DATA:
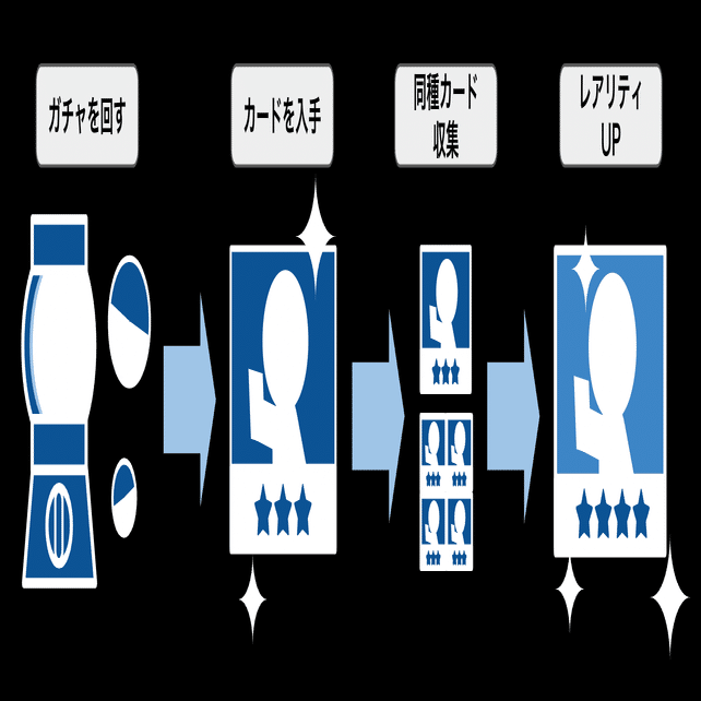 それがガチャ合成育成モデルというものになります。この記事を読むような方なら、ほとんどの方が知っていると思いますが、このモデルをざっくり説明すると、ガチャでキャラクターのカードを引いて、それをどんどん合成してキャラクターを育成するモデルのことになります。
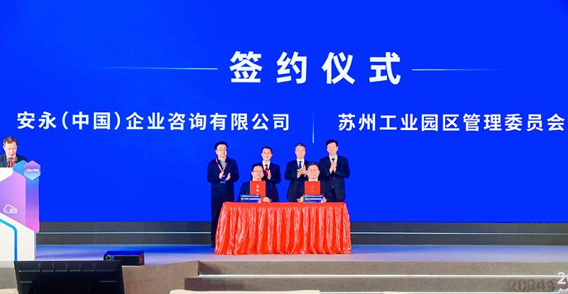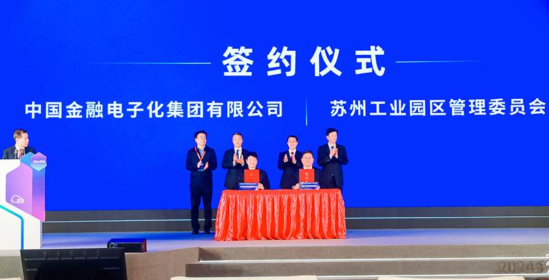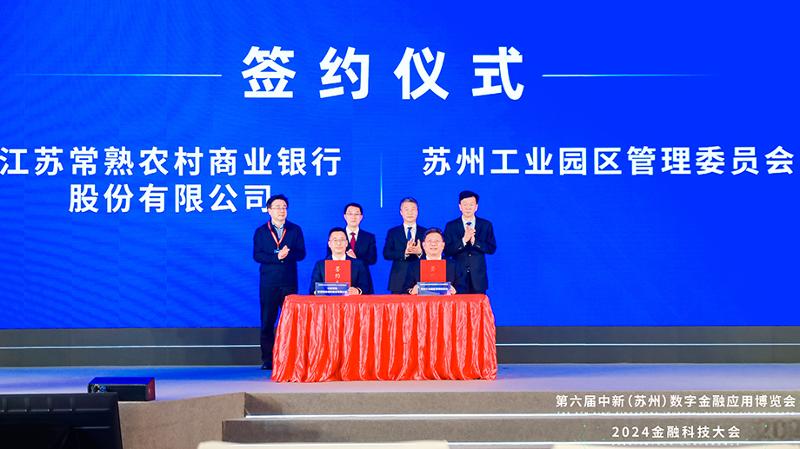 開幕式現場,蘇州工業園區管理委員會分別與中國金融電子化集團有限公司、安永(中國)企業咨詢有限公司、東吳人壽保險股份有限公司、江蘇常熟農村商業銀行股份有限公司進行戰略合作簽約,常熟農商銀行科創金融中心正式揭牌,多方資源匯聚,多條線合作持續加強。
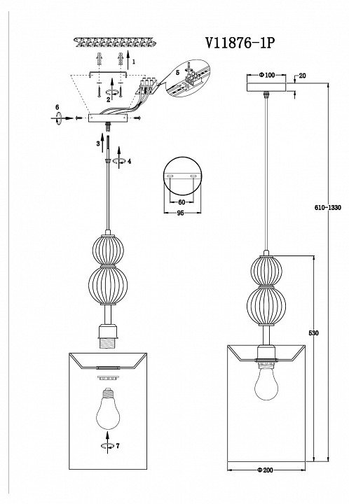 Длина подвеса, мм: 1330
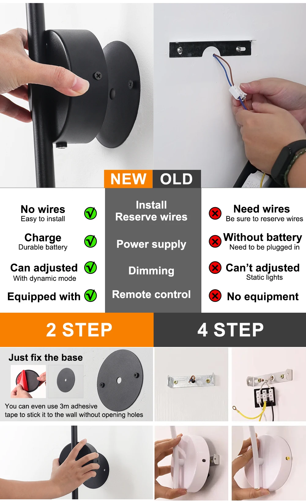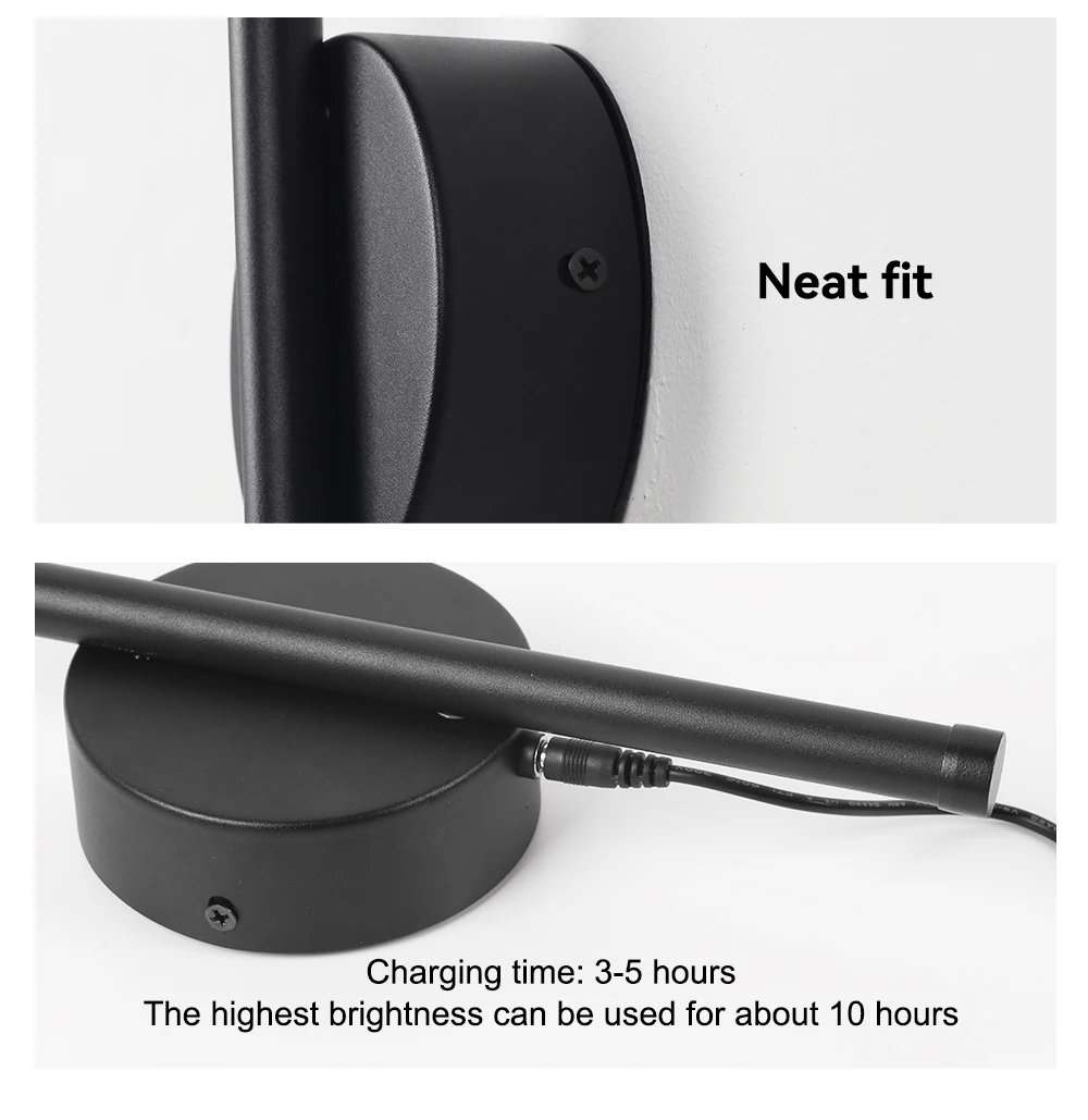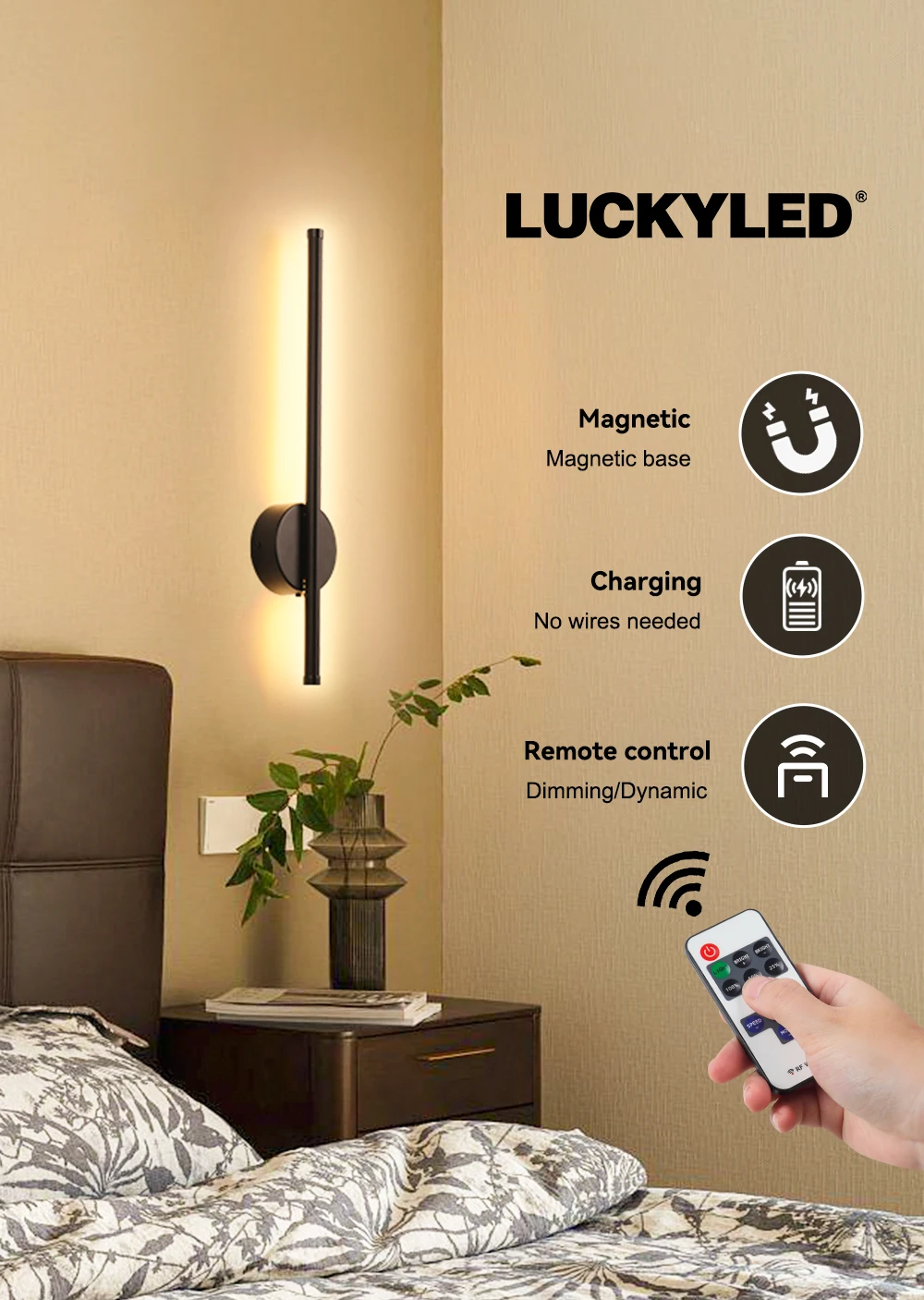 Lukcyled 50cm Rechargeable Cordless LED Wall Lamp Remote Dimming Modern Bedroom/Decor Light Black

INSTRUCTIONS FOR THE TASK: Using the material above, set down every line exactly, but skip the pictures.

SOLUTION FOR THIS EXERCISE:
 それがガチャ合成育成モデルというものになります。この記事を読むような方なら、ほとんどの方が知っていると思いますが、このモデルをざっくり説明すると、ガチャでキャラクターのカードを引いて、それをどんどん合成してキャラクターを育成するモデルのことになります。
 開幕式現場,蘇州工業園區管理委員會分別與中國金融電子化集團有限公司、安永(中國)企業咨詢有限公司、東吳人壽保險股份有限公司、江蘇常熟農村商業銀行股份有限公司進行戰略合作簽約,常熟農商銀行科創金融中心正式揭牌,多方資源匯聚,多條線合作持續加強。
 Длина подвеса, мм: 1330
 Lukcyled 50cm Rechargeable Cordless LED Wall Lamp Remote Dimming Modern Bedroom/Decor Light Black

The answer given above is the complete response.